In our last post, we learned about using the findDOMNode() function to access a component's underlying DOM node. However, this only gives us access to the root node. What if we want to access other nodes in the component's markup tree?
Imagine we're building an accordion component with multiple items, each with their own markup. We can identify the body of each item with the item__body CSS class, and the content with the item__content class.
<div className="item">
<button className="item__heading">
<span className="item__arrow" />
{/* Title */}
</button>
<div className="item__body">
<div className="item__content">{/* Content */}</div>
</div>
</div>
We could try accessing these elements by starting at the root node and using querySelector()
const node = ReactDOM.findDOMNode(this);
const bodyEle = node.querySelector('.item__body');
const contentEle = node.querySelector('.item__content');
But that doesn't feel very "React-y", and it's not very reliable. If another engineer changes the CSS classes, the component could break.
In this post, we'll show you how to use string refs to avoid those issues and make your component more maintainable.
Syntax of string refs
To create a reference to an element, we simply pass a string as a ref attribute on that element. Here's an example:
<div className="item__body" ref="body">
...
</div>
In this example, we create a reference called body using a string and attach it to an element with the ref attribute. We can then access the underlying DOM node using this.refs.body.
Building an accordion item component
As with the rest of this series, we learn best by doing. In this post, we'll build an accordion item component that lets users expand or collapse content by clicking the heading.
To keep track of whether an item is open or closed, we'll use an internal boolean state called isOpened. By default, the content is hidden, so we set the state to false initially.

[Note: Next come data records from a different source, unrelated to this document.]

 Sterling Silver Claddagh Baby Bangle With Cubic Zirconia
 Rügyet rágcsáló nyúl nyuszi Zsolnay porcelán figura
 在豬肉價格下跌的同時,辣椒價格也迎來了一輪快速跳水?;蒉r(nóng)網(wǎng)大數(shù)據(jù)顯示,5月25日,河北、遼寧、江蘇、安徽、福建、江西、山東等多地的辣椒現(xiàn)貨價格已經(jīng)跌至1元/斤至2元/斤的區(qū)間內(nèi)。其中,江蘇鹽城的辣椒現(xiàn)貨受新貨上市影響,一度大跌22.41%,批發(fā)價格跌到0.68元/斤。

Here's an example of what the AccordionItem component could look like:
class AccordionItem extends React.Component {
constructor(props) {
super(props);
this.state = {
isOpened: false,
};
}
}
Clicking the heading will toggle the isOpened state. In the code below, we handle the click event of the heading element and use the setState function to toggle the state:
handleToggle() {
this.setState((prevState) => ({
isOpened: !prevState.isOpened,
}));
}
render() {
return (
<button
className="item__heading"
onClick={this.handleToggle}
>
{this.props.title}
</button>
);
}
The content is only shown when the item is expanded:
render() {
const { isOpened } = this.state;
return (
<div className="item__body">
{isOpened && (
<div className="item__content">
{this.props.children}
</div>
)}
</div>
);
}
So far, nothing too fancy. We've used basic things like the setState function to manage internal states of a class component and render things accordingly depending on the state.

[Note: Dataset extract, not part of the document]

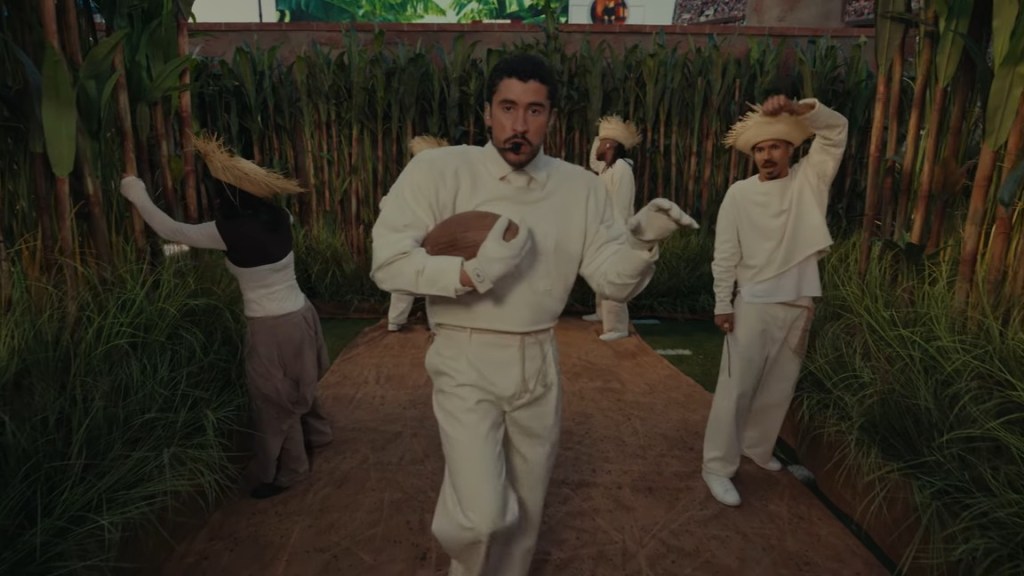 Durante l’Halftime Show, Bad Bunny trasporta il pubblico nella sua Porto Rico, scegliendo di mostrarci la parte più umile e autentica dell’isola caraibica, fatta di persone che lavorano, colori, sapori e musica latina. L’esibizione si apre in una fattoria rurale dove vediamo dei ballerini vestiti da jibaros (braccianti portoricani) al lavoro. Il cantante appare in un elegantissimo completo bianco custom made di Zara, con tanto di guanti, capelli tirati a lucido e una palla da football stretta al petto.
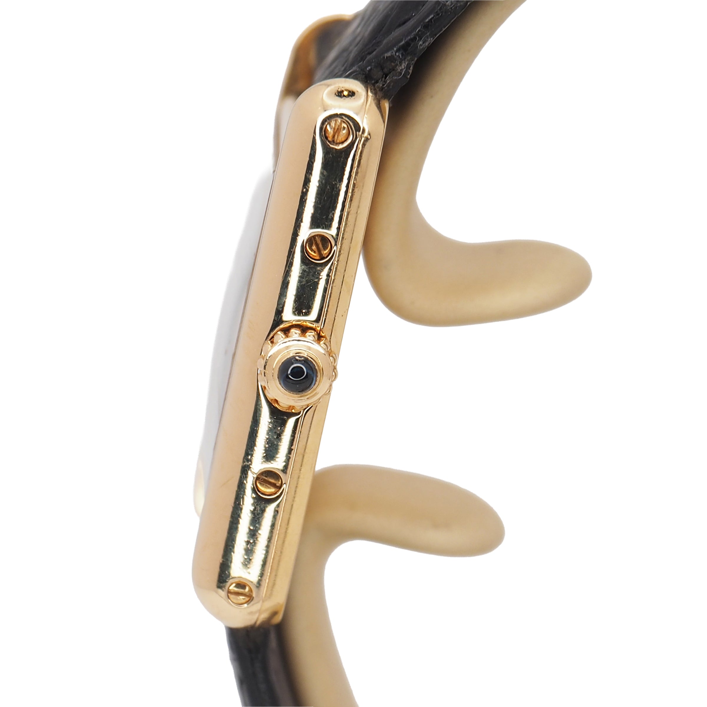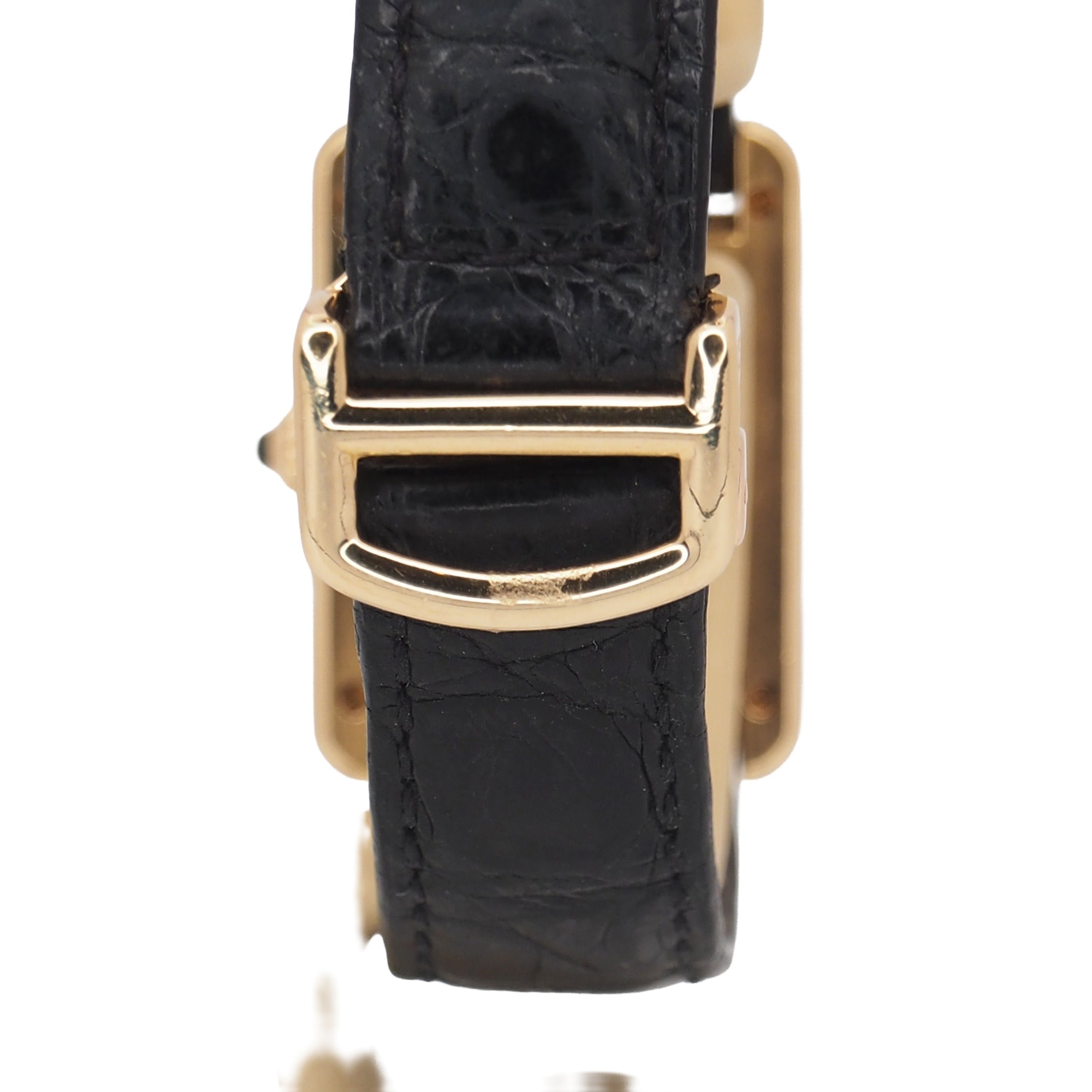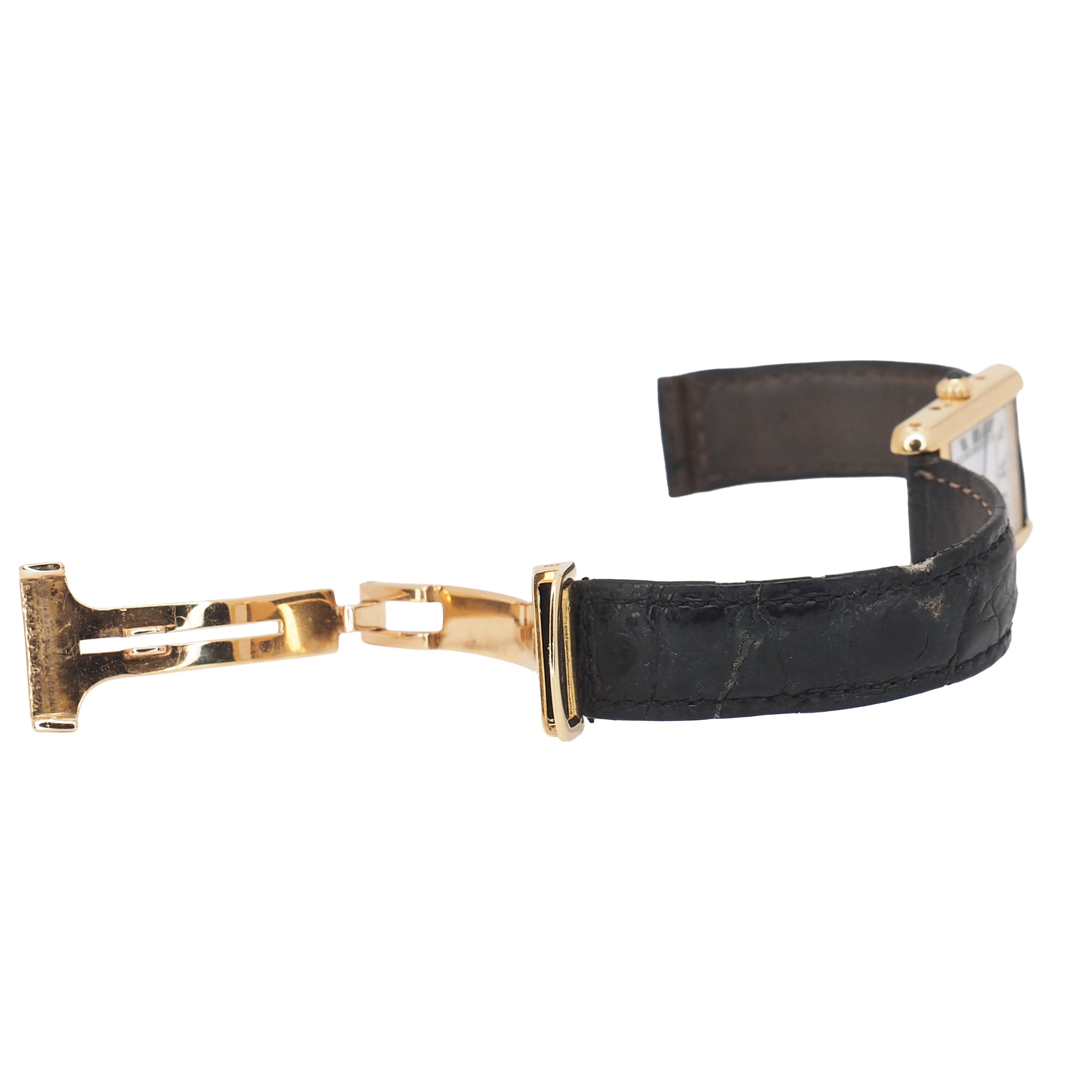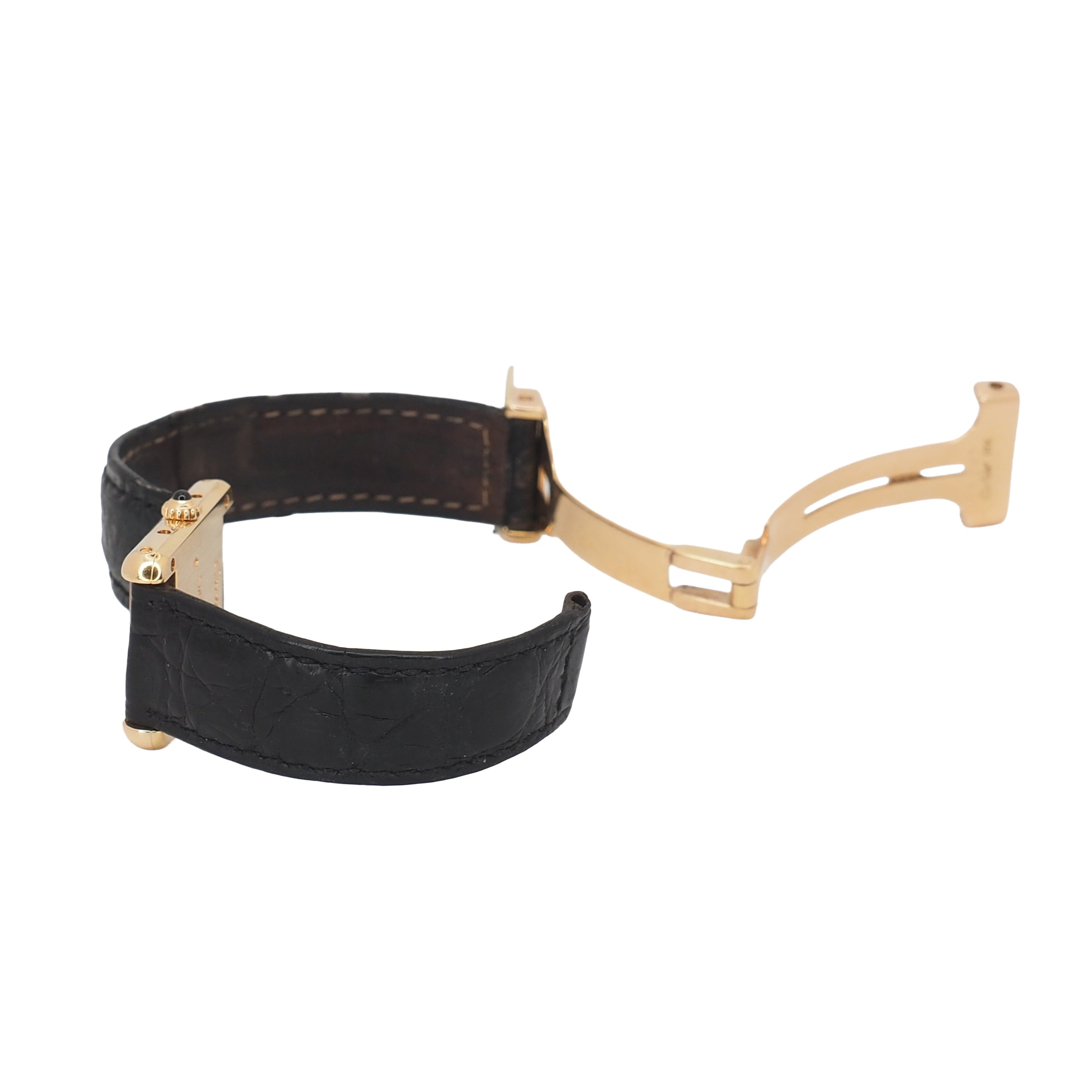 Bracelet: Black alligator strap with yellow gold folding clasp.

Now, let's stop reading and play around with the accordion item component in the demo below by clicking its heading:
Adding animation to improve user experience
Let's take the accordion item component to the next level by adding an animation when users expand or collapse the content. But before we dive into how we can achieve this in React, let's explore how we can add animation in CSS.
The most common way to do this is by using the transition property. By changing the height of the body element, we can run an animation over a duration of, say, 250 milliseconds.
.item__body {
overflow: hidden;
transition: height 250ms;
}
But how do we determine the width of the item body? That's where string refs come in. Since we have full control over setting refs to any element we want, we can set the refs for the body and content elements as follows:
<div className="item__body" ref="body">
<div className="item__content" ref="content">
{/* Content */}
</div>
</div>
Initially, the item is collapsed, so we set the height property of the body element to zero:
<div
className="item__body"
ref="body"
style={{
height: 0,
}}
>
...
</div>
Next, we need to modify the handleToggle() function. Instead of changing the isOpened state instantly, we need to update the height of the body element to trigger the animation. Here's how the modified version of handleToggle() function could look like:
handleToggle() {
const { isOpened } = this.state;
this.refs.body.style.height = !isOpened
? this.refs.content.clientHeight
: 0;
}
In this example, if the item is being opened, we set the height of its body element to be equal to its content element's client height to display it smoothly with an animation effect. On the other hand, if the item is being closed, we set its body element's height back to zero.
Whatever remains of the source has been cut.